2日の香港市場で中国インターネットサービス大手、テンセント(
00700)が大幅高。前日比7.75%高の469.80HKドルで前場の取引を終えた。同社が主力アプリの微信(ウィーチャット)に組み込む人工知能(AI)アシスタントを近く投入するとの報道が材料視されたもよう。
『新浪科技』などの報道によると、テンセントは微信内で利用者の作業を支援するAIアシスタントの試作版をテスト中で、早ければ今月にもリリース前のコンプライアンス手続きを開始する計画。

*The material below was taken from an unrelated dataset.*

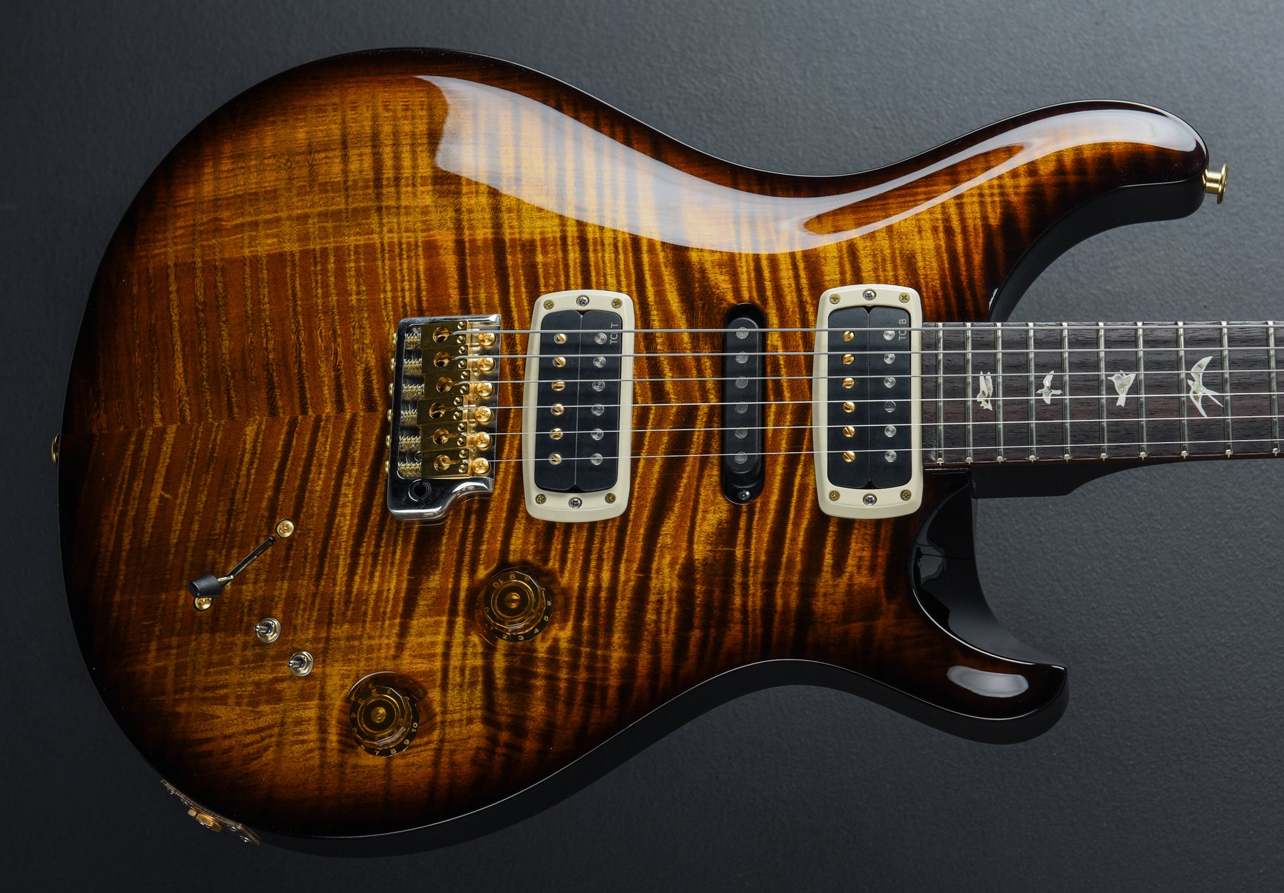 Black Gold Wraparound Burst, High gloss nitro finish, Violin carved Flame Maple 10 top, Mahogany body, Pattern carved Mahogany neck, 10" radius Rosewood fingerboard with the Bird inlays, 25″ scale length, 1 11/16th" nut, PRS TCI bridge and neck pickups plus the NS-01 middle pickup, 5-way blade switching with the volume and push/pull tone controls plus the two mini-toggle EQ switches, PRS Gen III tremolo, PRS Phase III locking tuners with the wing buttons, 8.4 pounds, With hardshell case

その後、一部の外部ユーザーを対象にテストを実施する予定。正式なリリース日は、コンプライアンス手続きにかかる時間が不確実なため、まだ決まっていない。
初期デモンストレーションを見た関係者によると、ユーザーは微信のメイン画面を右にスワイプすることでAIアシスタントのチャットウィンドウにアクセスできる。ユーザーはAIアシスタントに指示を入力すると、微信の数百万のミニプログラムを自動的に呼び出し、好みや価格条件に応じた飲食店の検索や注文などの作業を代行する仕組みだという。
報道は、中国で最も利用者数の多いアプリにAIアシスタントを実装できれば、すでに高性能モデルを開発し、自社プラットフォームで先行してAIエージェント機能を展開している国内競合に対して優位に立つ可能性があると指摘した。
この件について、新浪科技がテンセントに事実関係を確認したが、いまのところ同社からの回答は得られていない。